Arp est à l'origine d'un vocabulaire de signes aux allusions figuratives et ironiques. À partir de 1930, la sculpture en ronde-bosse prend une place importante dans son œuvre.

À Strasbourg, entre 1926 et 1928, il participe à la transformation de l'Aubette, en collaboration avec sa femme et avec l'artiste néerlandais Theo van Doesburg.

Sophie meurt tragiquement asphyxiée, en 1943, lors d'un voyage clandestin à Zurich, où le couple s'est réfugié à la suite de l'invasion de la France libre par l'Allemagne.
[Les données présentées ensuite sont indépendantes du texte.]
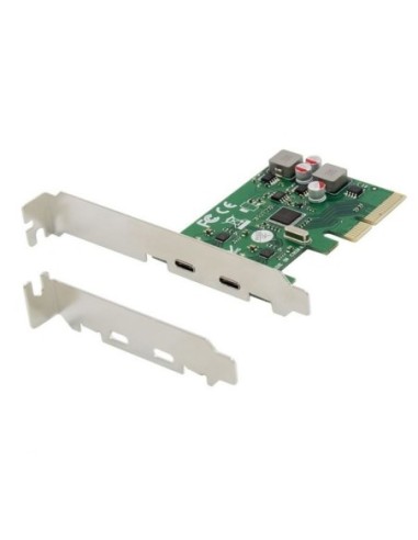 EMRICK08G Tarjeta PCIe de 2 puertos USB 3.2 Gen 2 tipo C, autoalimentada Número de modelo EMRICK08G SKU 110014107101 Agregue 2 puertos USB-C a su computadora de escritorio USB 3.2 Gen 2 supervelocidad (10 Gbps) No requiere fuente de alimentación adicional Admite intercambio en caliente Soporta UASP Detalles Esta tarjeta PCI Express le permite agregar fácilmente 2 puertos SuperSpeed ??USB 3.2 Gen 2 adicionales a su computadora de escritorio. Tiene una velocidad de datos máxima de 10 Gbs, lo que lo hace muy rápido y capaz de copiar archivos o documentos grandes hacia y desde su computadora de escritorio. Simplemente coloque la tarjeta PCI Express USB 3.2 Gen 2 en la ranura Express Card de su computadora, instale los controladores incluidos y ¡listo! *No es compatible con la ranura PCI-Express x1 Más información Más información Sistemas operativos compatibles Windows 7 Windows 8 Windows 8.1 Windows 10 Linux kernel 2.6 y superior Configuración del puerto 2 x USB-C Interfaz de host PCIe x4 Versión PCI PCIe 3.0 Peso del producto (kg) 0.039 Ancho del producto (mm) 58 Profundidad del producto (mm) 80 Altura del producto (mm) 20 Color Verde EAN 4015867227992 Número de modelo EMRICK08G Contenidos del paquete EMRICK08G Soporte de perfil bajo CD del controlador Guía de instalación rápida multilingüe El consumo de energía Corriente máxima 3A/cada puerto https://www.conceptronic.net/conceptronic_en/emrick08g-2-port-usb-3-2-gen-2-type-c-pcie-card-self-powered-110014107101

De très nombreuses expositions personnelles lui sont consacrées après-guerre, dès 1944 à la galerie Peggy Guggenheim à New York, puis à la Galerie Maeght, la Galerie Denise René Paris, et Sydney Janis, en 1950. Il réalise également de nombreuses commandes avec, entre autres, Constellation pour le Harvard Graduate Center de Cambridge en 1949, Le Berger des Nuages et Configuration pour la Cité Universitaire de Caracas dans les années 1950. Arp est devenu un artiste internationalement reconnu.